Work order |
Required from the data below: the exact lines starting at the line containing "클립 2개) - 1x1m" and ending at the line containing "ВЛАДИМИР И САТИ", with both ends kept and all pictures dropped.

Given data |
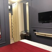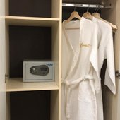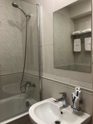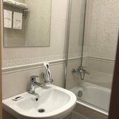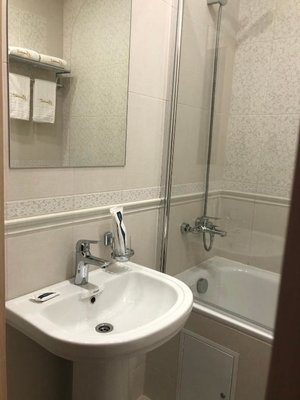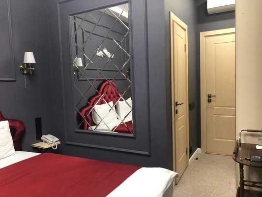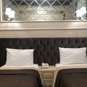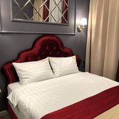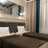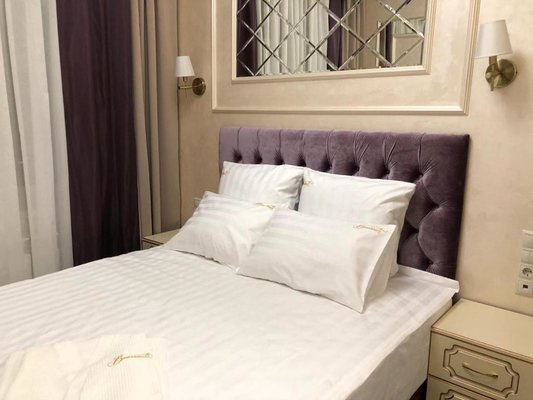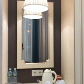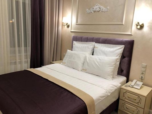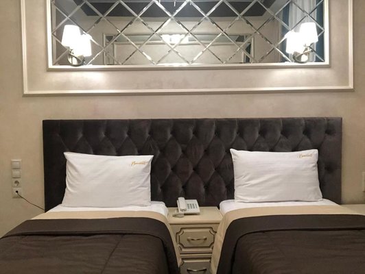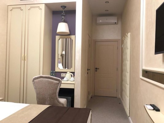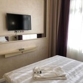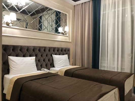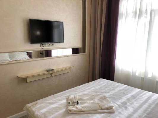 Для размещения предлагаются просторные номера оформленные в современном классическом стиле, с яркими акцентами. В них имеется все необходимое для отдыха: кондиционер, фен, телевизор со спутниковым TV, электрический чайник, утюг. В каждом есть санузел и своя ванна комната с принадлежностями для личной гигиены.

==

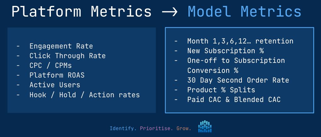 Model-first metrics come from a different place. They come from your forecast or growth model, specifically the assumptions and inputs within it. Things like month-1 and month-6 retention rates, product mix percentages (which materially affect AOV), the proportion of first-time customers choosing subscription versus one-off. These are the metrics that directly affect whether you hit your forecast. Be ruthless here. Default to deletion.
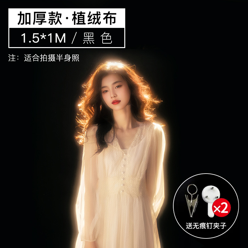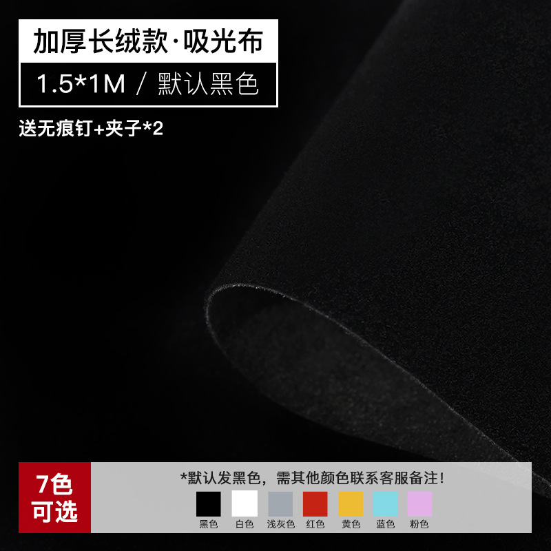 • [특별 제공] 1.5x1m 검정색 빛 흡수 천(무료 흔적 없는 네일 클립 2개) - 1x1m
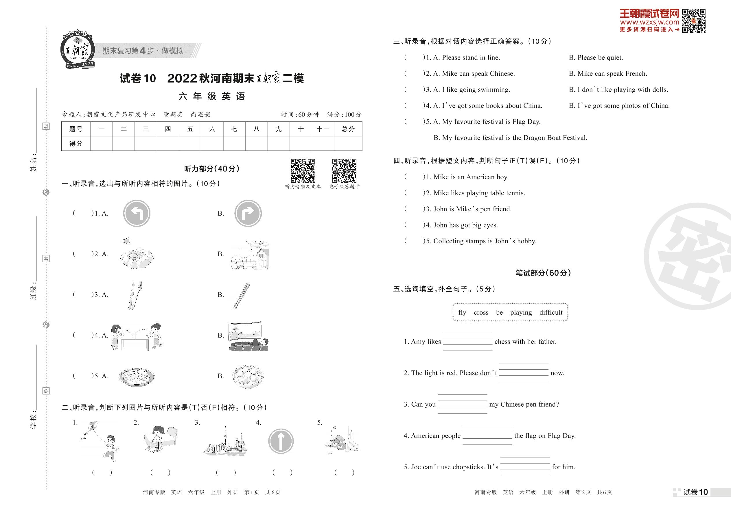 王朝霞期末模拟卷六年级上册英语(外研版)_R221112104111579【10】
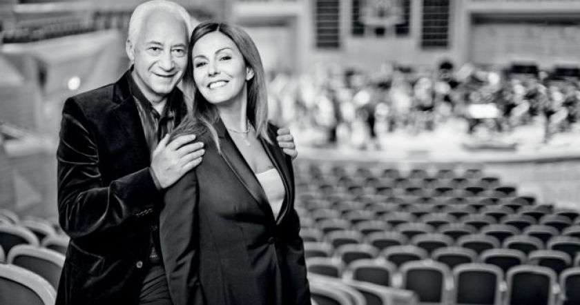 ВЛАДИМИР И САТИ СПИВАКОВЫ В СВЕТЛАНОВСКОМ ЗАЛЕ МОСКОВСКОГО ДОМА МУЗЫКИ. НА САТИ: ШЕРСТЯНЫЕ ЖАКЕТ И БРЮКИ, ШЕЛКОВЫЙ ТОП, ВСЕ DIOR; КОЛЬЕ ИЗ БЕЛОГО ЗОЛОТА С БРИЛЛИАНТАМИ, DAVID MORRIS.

...

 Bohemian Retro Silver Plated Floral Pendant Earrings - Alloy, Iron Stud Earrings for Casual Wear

Answer space |
 • [특별 제공] 1.5x1m 검정색 빛 흡수 천(무료 흔적 없는 네일 클립 2개) - 1x1m
 王朝霞期末模拟卷六年级上册英语(外研版)_R221112104111579【10】
 ВЛАДИМИР И САТИ СПИВАКОВЫ В СВЕТЛАНОВСКОМ ЗАЛЕ МОСКОВСКОГО ДОМА МУЗЫКИ. НА САТИ: ШЕРСТЯНЫЕ ЖАКЕТ И БРЮКИ, ШЕЛКОВЫЙ ТОП, ВСЕ DIOR; КОЛЬЕ ИЗ БЕЛОГО ЗОЛОТА С БРИЛЛИАНТАМИ, DAVID MORRIS.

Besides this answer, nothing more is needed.